I remember when I came home from school one day and I heard that the moon was created by some sort of explosion on the earth. My mother's said: "Well, let's sit down, talk about with what God says. Read Genesis 1." And I read Genesis one. "I guess they were wrong." That's how it works. You take advantage of those opportunities. And folks, if you not spending time with your kids you miss those opportunities. My mother was home all the time. When you get to parents working outside the home opportunities are missed. You cannot hire somebody to take your place when it comes to the these areas that happen. You will be a failure.

 

"You shall talk of them when you sit in your house when you walk by the way, when you lie down, when you sit up." Now tell me any time in life that doesn't fit in sitting down, walking, lying down or rising up. That includes all your life. You take advantage of those teaching opportunities when you're when you're with your kids. But if you don't know the word of God where you can do it, then you can't do it.

 

Deuteronomy 6:8 NASB ÒYou shall bind them as a sign on your hand and they shall be as frontals on your forehead." That is metaphorical language. Your hand is what you do things with, so what you do is going to be controlled by the Word of God.

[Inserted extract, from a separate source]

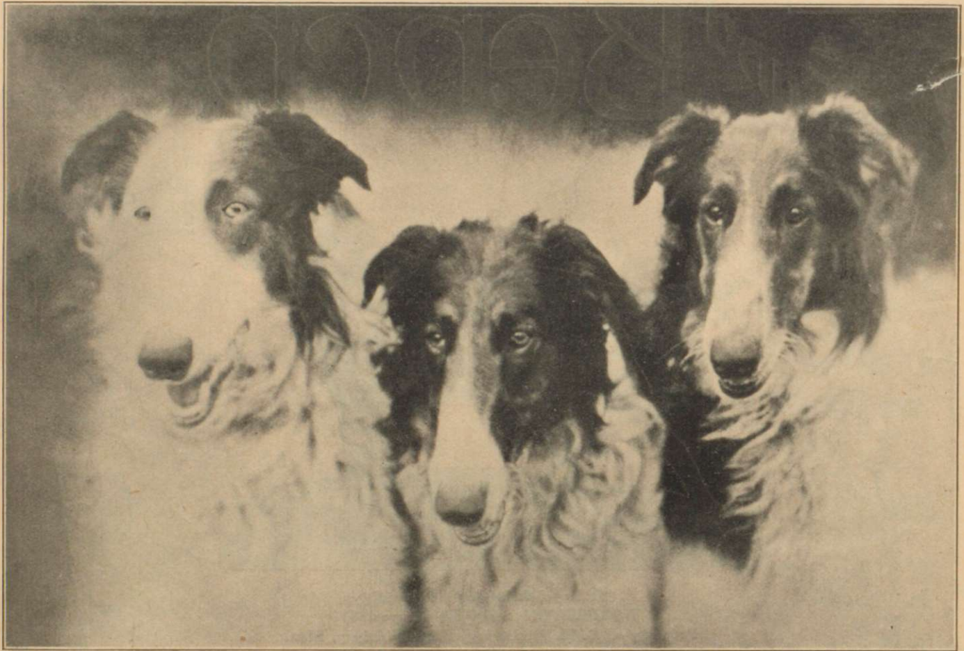
PETERHOF, KRONSTADT AND OLGA OF GLENWILD

B ORIS BEAT THE CHAMPION! The 1996 Wimbledon men's champion, Andre Agassi, was the only male player to win the title of the year's best player in the world. He was the only player to win the Wimbledon men's singles title in 1996. He was the only player to win the Wimbledon men's singles title in 1996. He was the only player to win the Wimbledon men's singles title in 1996.

And "frontlets between your eyes" is going to control what you look at and what you focus on.

 

What we have to do is to have godly parents is they have to spend time with their kids. They have to have family time. Mom and Dad need to sit down and set aside a regular time. Get up in the morning, just pray with the kids, teach them about the sin nature, teach them that you can obey God or not, you can obey your parents or not, you have volition, you have a yes but you have no button. And you need to teach them that from infancy; don't wait till you think they can understand; that's too late.

 

My mother said the first complete sentence I knew was, "If we confess our sins, God is faithful and just to forgive us our sins and cleanse us from all unrighteousness". I learned that when I was two years old. Was I believer? No. See? Start training your kids. Don't wait until they become a believer, frontload their mind with the Word of God and Bible stories and biblical principles and memorizing verses, so when they hit God consciousness they are going to be like the daughter of a friend of mine who took her two-year-old with her two good news clubs week after week after week. And at the end of good news clubs, those of you who work with them, what is the last thing you do? You give the kids an invitation. So mother would give the kids an invitation. Often, do you want to believe in Jesus? She got in the car, her little was 2-1/2, and said Mommy, you always let the other kids believe in Jesus, can I believe in Jesus? Two and a half! She heard the gospel week in and week out from the time she was a just born infant. That's what we're supposed to do.

 

You say you don't know any Christians who do that. That's because Europe is hanging out with loser believers. The parents' job is to build good habits of thinking and priorities into the children from the get-go, not from when they think they're ready. From the very beginning that goes with manners, that goes with etiquette, that goes everything in life. We wait too long in our culture before we think kids are ready. We have already let their sin natures get real control. We are to worship as a family. That's part of it.

 

See the value here is on the focus on Jesus. Is Jesus what your life is about—occupation with Christ—, or is your life about making sure you can accomplish everything you want to accomplish in this life and, well, eternally will take care of itself. That's the issue. How you answer that determines whether you are positive or negative.